1) 子どもたちの食習慣・好きな料理と嫌いな食品
 現在の若者たちの食生活を見ていますと、魚よりも肉類や脂っこい料理を好み、やたらにマヨネーズなどをかけて食べる習慣があります。
 平成12年に日本体育・学校健康センターが全国の小・中学生11,478人を対象に実施した 「児童の生徒食生活等実態調査」 の結果から、子供たちの好きな料理をみてみましょう。(図6)
 好きな料理は男女子とも第1位がカレーライス、第2位は男子ラーメン、女子パスタ、第3位は男子焼肉、女子ハンバーグでした。これらで共通するのが肉と油脂です。外来料理が多く、伝統料理は寿司、うどん・きしめん、刺身、焼き魚、すきやきで上位回答20種中5種のみでした。一方、嫌いな料理は野菜と魚を使った料理です。特に野菜が多くピーマン、なす、ねぎ、にんじんが上位を占めていました。(図7)
図6
図6 好きな料理(複数回答)
図7
図7 嫌いな食べ物 上位10位(複数回答)

2) 好き・嫌いの要素はどこから
 食べ物への好き・嫌いの有無を単純に表わすことを偏食といいますが、よく調べてみると大半が食べず嫌いです。この場合、虚弱な子どもの少食と間違えやすいので注意が必要です。子どもの偏食は一過性の生理現象とみることもあります。歯の生え揃う時期や虫歯のあるとき、気付かない疾患のあるときなど保護者の不注意が原因となることがあるからです。幼弱な子どもの防衛現象という人もいます。
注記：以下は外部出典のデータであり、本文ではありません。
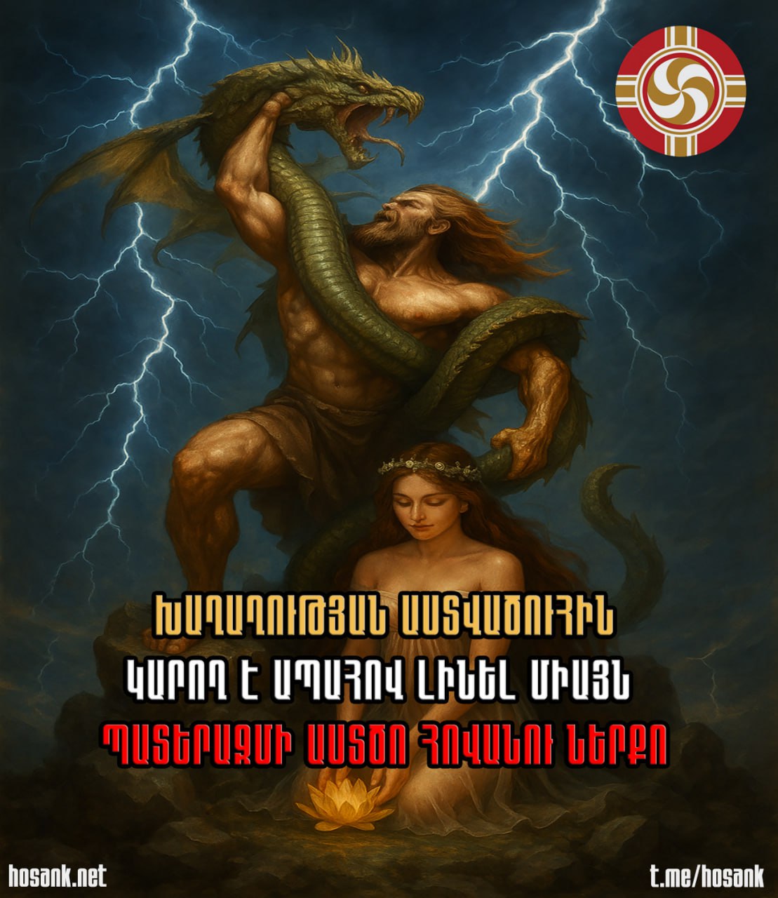 Յուրաքանչյուր դարում Հայ ազգը ձգտել է խաղաղության, բայց խաղաղությունը առանց ուժի՝ ավազի վրա կառուցված երազ է։ Իրական խաղաղությունը չի ծնվում թուլությունից, այլ պահպանվում և երաշխավորվում է նրանց կողմից, ովքեր պատրաստ են այն պաշտպանել ուժով, քրտինքով ու արյամբ։ Ինչպես Խաղաղության Աստվածուհին ապահով է մնում միայն Պատերազմի Աստծո հովանու ներքո, այնպես էլ մեր ազգը պետք է իր ապագան ապահովի վճռական և անզիջող պայքարով։ Մենք չենք փառաբանում պատերազմը՝ մենք փառաբանում ենք ռազմիկների կամքն ու ոգին, որովհետև հենց դա է, որ կարող է կյանքի կոչել իրական խաղաղություն։ Յուրաքանչյուր դարում մեր ժողովուրդը այս ճշմարտությունը սովորել է անթիվ զոհաբերությունների և արյունալի կռիվների ճանապարհը անցնելով։ Երբ մեր թշնամիները գրոհում էին Հայոց աշխարհի վրա, մենք չփրկվեցինք դատարկ խոսքերով, այլ մեր հերոս նախնիների ձեռքներին բռնած զենքերով։ Խաղաղության Աստվածուհին կանգնած է խաղաղ, որովհետև Պատերազմի Աստվածը պահպանում է նրան ստվերից։ Դա սուրբ հավասարակշռություն է՝ քանզի խաղաղությունը առանց ուժի մոլորություն է, իսկ ուժը՝ առանց իրական խաղաղություն կերտելու նպատակի՝ կործանում։ Միասին նրանք ձևավորում են մեր ազգի հավերժական զարկերակը, որը երբեք չի դադարում բաբախել։ Այսօր, երբ նորից մրրիկներ են կուտակվում մեր Հայրենիքի շուրջ, այս ճշմարտությունը առավել քան երբևէ արդիական է դառնում։ Մենք չենք փնտրում պատերազմ, բայց երբեք չենք խոնարհվի նրանց առաջ, ովքեր այն բերում են մեր սահմաններին։ Մենք հավատում ենք խաղաղությանը՝ բայց այն խաղաղությանը, որը պաշտպանվում է սրով ու խիզախությամբ, որովհետև միայն նրանք, ովքեր պայքարում են խաղաղության համար, իսկապես արժանի են դրան։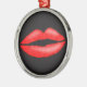 Lipstick red luscious and seductive female lips with textured effect metal Christmas ornament

 問題はその時点での保護者の子どもに対する接触態度です。過保護のため神経質、あるいは自立心のない子に育ちます。親に生活知識の無いことも、子どもの環境に対する適応能力が遅れる一因です。
 前述の調査では子ども達が 「食事を楽しいと感じるとき」 の状況を調べています。高学年になるほど好きなものを食べるときと答え、中学女子では76.3%で、最も低い小学女子でも60.9%もあります。次がバーベキューなどのような屋外で食べるとき、外食をするときと答えています。家族そろって食べるときと答えたのは、小学生で36.7%、中学生は22.3%でした。好きなもの、外食、バーベキューの共通キーワードは、開放感ではないかと考えます。(図8)
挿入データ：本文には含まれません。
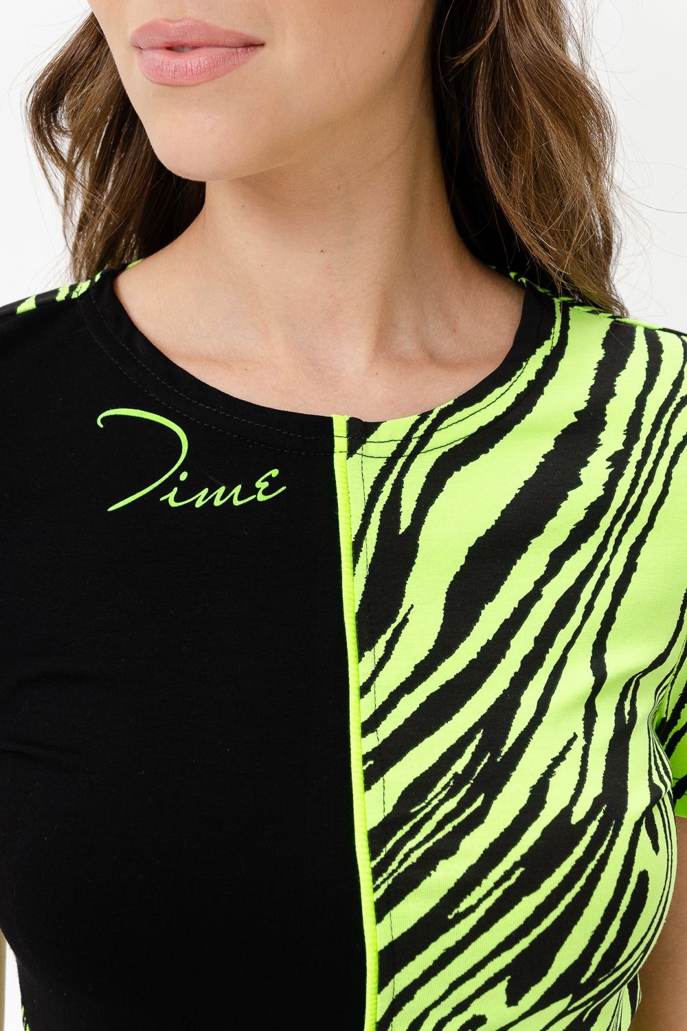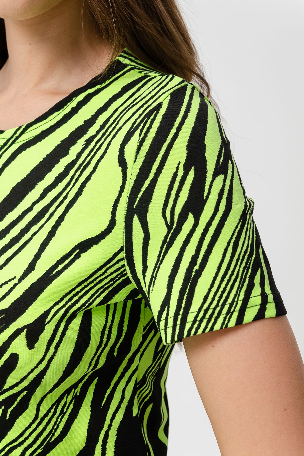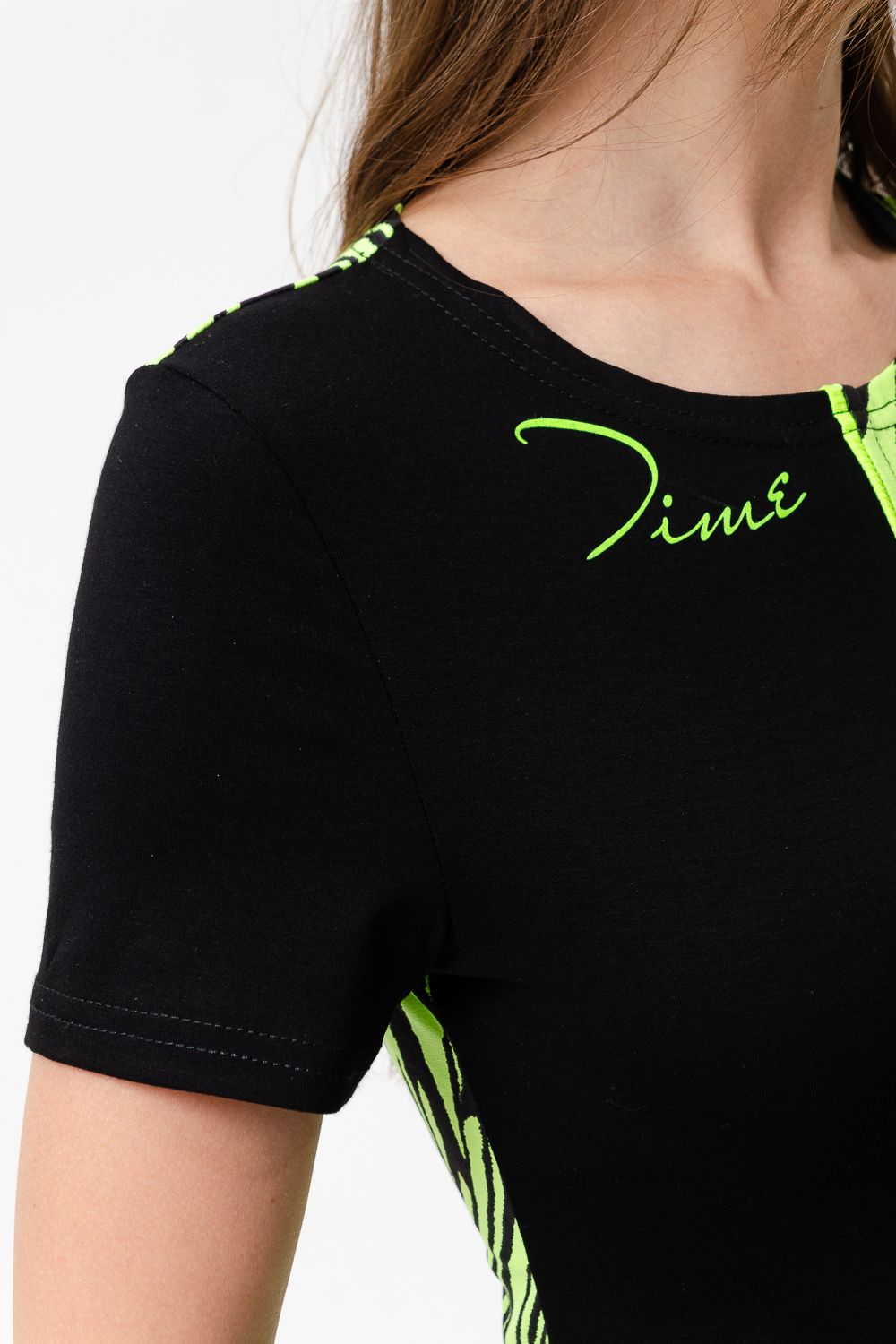 Костюм женский состоит из туники и велосипедок, туника полуприлегающего силуэта с принтом на полочке с коротким втачным рукавом, велосипедки с широкой эластичной резинкой на поясе с ярким кантом на передней половинке.

「嫌いな食べ物への対応」 は、がまんして食べるのが小学生39.1%、中学生23.6%で、食べないと答えたのは小学生11.8%、中学生27.1%です。小学生のうちは何とか我慢して食べる子供も、中学生になると食べないという子供が増加します。(図9)
図8
図8 食事が楽しいと感じるとき
(複数回答)
図9
図9 嫌いな食べ物への対応

図10
図10 誰の嗜好に合わせて食事を作るか
 一方で保護者が献立を決めるときの、「家族の誰に嗜好を合わせるか」 では、第1位が家族全員で64.8%、第2位が子どもで18.3%をも占めており、83.1%の保護者が子どもへの配慮があるにも拘らず、食べる側の子どもは嫌いなものを食べなくなり、我慢ができなくなります。原因は食べ物の情報過多であり、選択数が多く入手が簡単なことです。(図10)
 そして見逃せないのが家庭での食事中の態度です。同調査で 「家庭での食事のマナー」 の問いに対し、テレビを見ながら食べる子が90.5%もあり、席を離れる子は54.3%、口に食べ物を入れたまま話すが41.9%、テーブルにひじをついて食べるが38.9%もいることです。(図11)
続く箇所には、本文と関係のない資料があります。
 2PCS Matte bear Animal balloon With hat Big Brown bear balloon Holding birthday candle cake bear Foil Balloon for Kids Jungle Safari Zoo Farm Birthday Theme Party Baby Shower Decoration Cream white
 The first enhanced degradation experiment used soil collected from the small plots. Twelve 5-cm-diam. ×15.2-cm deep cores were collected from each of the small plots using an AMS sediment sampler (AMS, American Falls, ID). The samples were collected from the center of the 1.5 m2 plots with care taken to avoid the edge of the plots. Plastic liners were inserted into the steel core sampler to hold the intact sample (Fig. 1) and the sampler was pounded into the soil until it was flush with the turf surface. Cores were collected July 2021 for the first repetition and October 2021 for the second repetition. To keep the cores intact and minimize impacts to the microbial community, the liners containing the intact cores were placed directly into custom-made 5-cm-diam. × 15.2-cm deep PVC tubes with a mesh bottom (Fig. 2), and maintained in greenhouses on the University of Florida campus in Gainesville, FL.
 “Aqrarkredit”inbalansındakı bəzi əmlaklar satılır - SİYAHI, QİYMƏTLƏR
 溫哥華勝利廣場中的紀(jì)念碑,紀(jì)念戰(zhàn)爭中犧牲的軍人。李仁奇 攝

 ここで注目したいことは、保護者の学校(給食)に対する要望事項で、第1位が安全な食品を使って欲しい(71.3%)、第2位が栄養や食品の知識を教えて欲しい(56.5%)、第3位が郷土料理・伝統食品を教えて欲しい(36%)、そして第4位に基本的な食事のマナーを身につけさせて欲しい(32.2%)と望んでいることです。第4位の基本的な食事のマナーに対しては、就学以前の問題だという批判もあります。女性の社会進出が家庭内の子どもの教育に影響を及ぼすことが全く無いとはいえませんが、教育は母親だけではなく家族全体の問題として努力することです。(図12)
図11
図11 家庭での食事のマナー(複数回答)
図12
図12 家庭での食事のマナー(複数回答)

3) 食育は親子の努力がはじまり
 現在、文部科学省により小中学生を対象にした 「楽しい食育推進事業」 が奨められています。名古屋市をはじめとして愛知県各地の小中学校で、保護者や子ども達にお話をする機会が何回もありました。先生方の尽力は大変なもので、子どもや保護者が参加するフォーラムとシンポジュウムでは、半年以上の準備期間が費やされています。
 その中で子ども達が行った 「農園の野菜作りと、料理を作って低学年の子ども達に食べさせた」 ことの学習発表は、聞き入る子ども達に感動を与え、それ以上にきらきらと輝く子どもの瞳が同席する保護者達に数倍もの感動を与えたことを確信しました。

 先述の実態調査 「食事を楽しいと感じるとき」 の質問の中に 「自分が作ったり手伝ったりしたものを食べるとき」 という回答が僅かですが26.5%ありました。学習活動の感動が親子の繋がりを深め、会話を多くし、マナーや健康(生活習慣病予防)への関心が強められることが食育です。やがてこの子達が成長し、郷土の産物や伝統料理への食文化伝承の担い手となることを願うものです。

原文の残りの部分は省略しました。